Tag Archive | Fourth Amendment

Much Ado About Something: Freedom from Targeted Searches and Seizures Based on the Alleged Odor of Cannabis

By Michele D. Hall,[*]
Guest Contributor

In the last moments of the General Assembly’s 2023 legislative session, the House passed HB1071, which prohibits police from stopping or searching a person or vehicle based solely on (1) the odor of cannabis, (2) possession or suspicion of possession of cannabis, or (3) currency in proximity to cannabis without other indicia of distribution. HB1071 fundamentally changes the status quo. Currently, police routinely rely on the alleged odor of cannabis to search vehicles. The bill was a priority of the Legislative Black Caucus because marijuana laws are disproportionately enforced in communities of color.

Despite this fundamental change, Monday’s post “The Smell and the Fury: HB1071 and the Future of the Smell of Marijuana as Probable Cause” suggests that HB1071 is not significant because its substantive outcome was inevitable. The author argues that once marijuana is legal on July 1, “I think the Court would likely hold that the smell of marijuana, without more, is no longer probable cause to believe that the vehicle contains contraband or evidence of a crime. In other words, with or without HB1071, it is likely that vehicle searches based solely on the smell of marijuana are a thing of the past.”
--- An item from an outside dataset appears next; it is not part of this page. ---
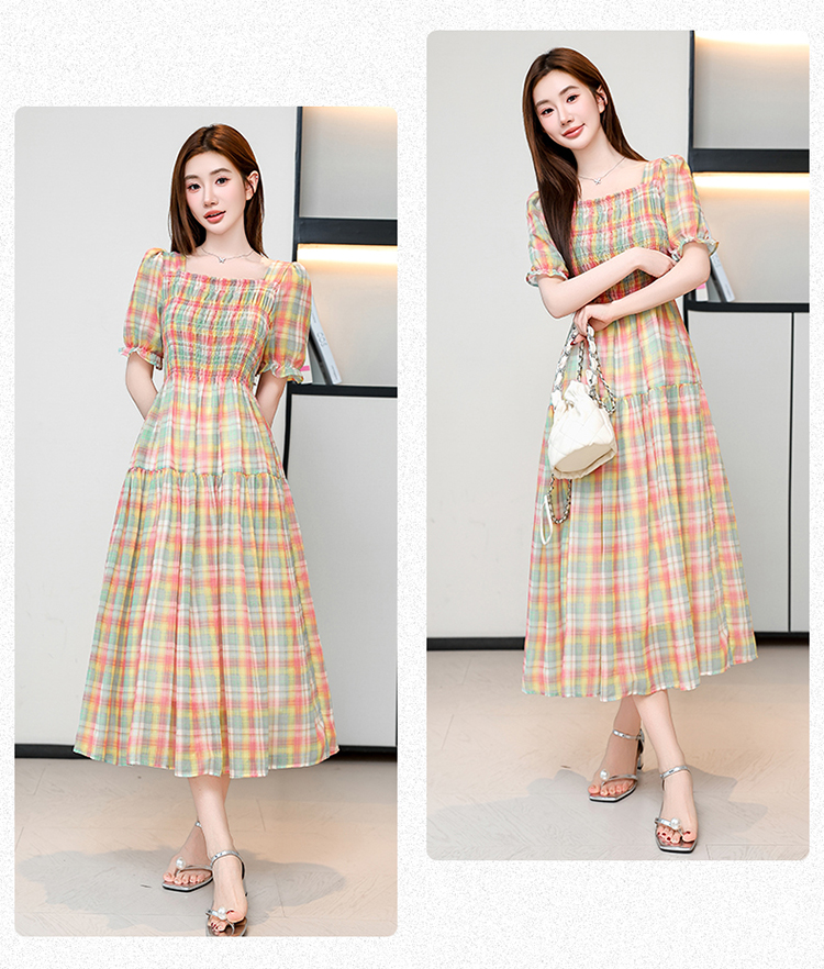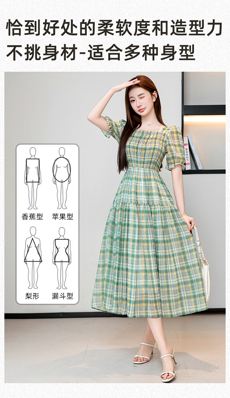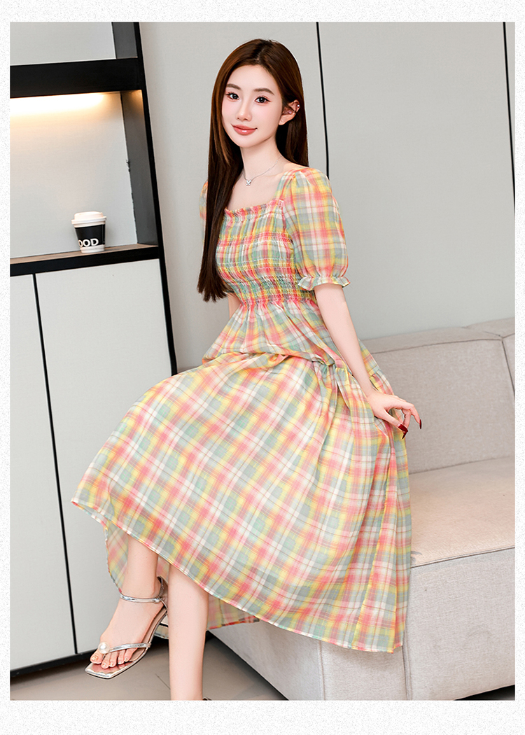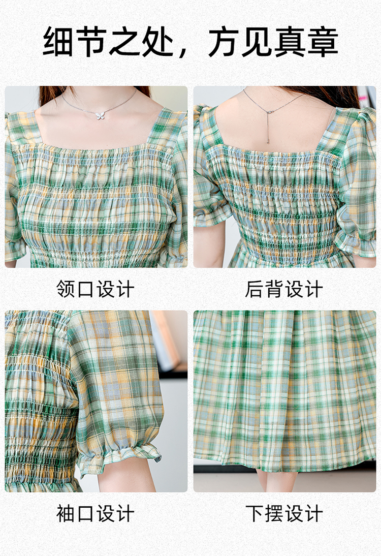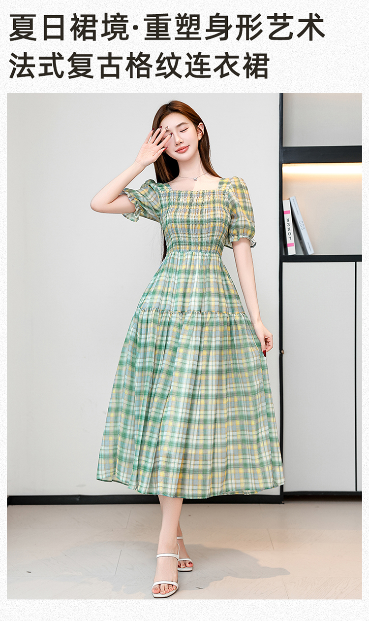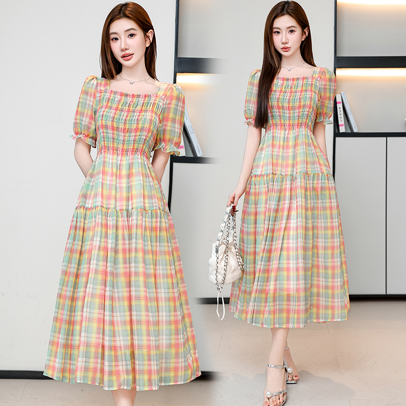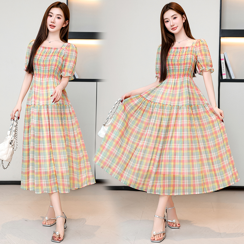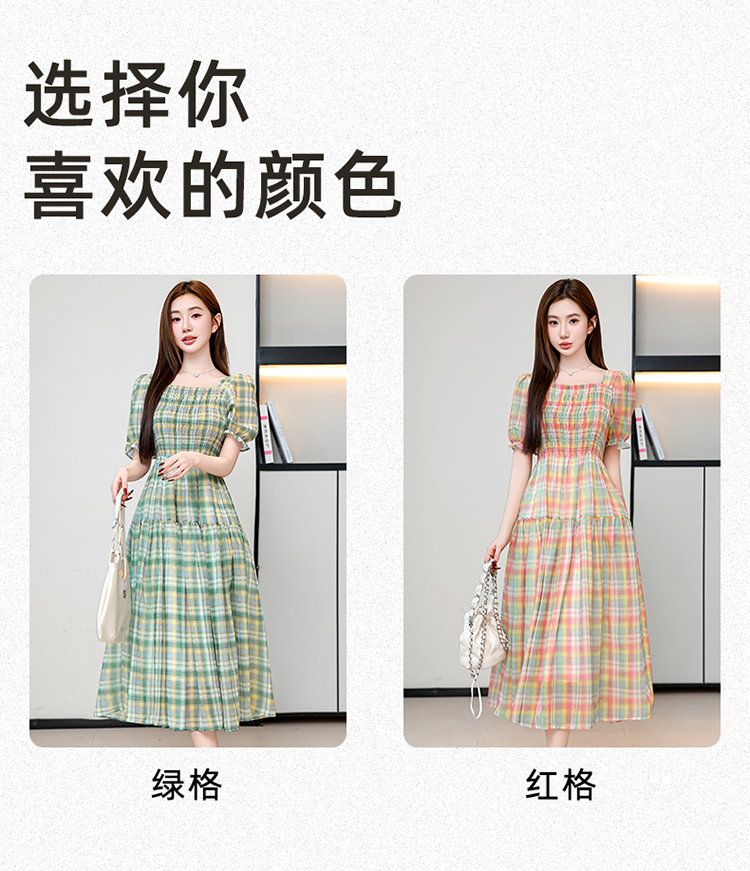 RY1143# 有口袋新款大码微胖泡泡袖格子连衣裙女夏季胖MM设计感方领收腰裙

It is not lost upon me that the quote from which the author draws the article’s title is: “It is a tale told by an idiot, full of sound and fury, signifying nothing,” from William Shakespeare’s Macbeth. For the author the noise around the change brought by HB1071is nothing more than sound and fury, which ultimately signifies nothing because the Supreme Court of Maryland would have reached this same result eventually.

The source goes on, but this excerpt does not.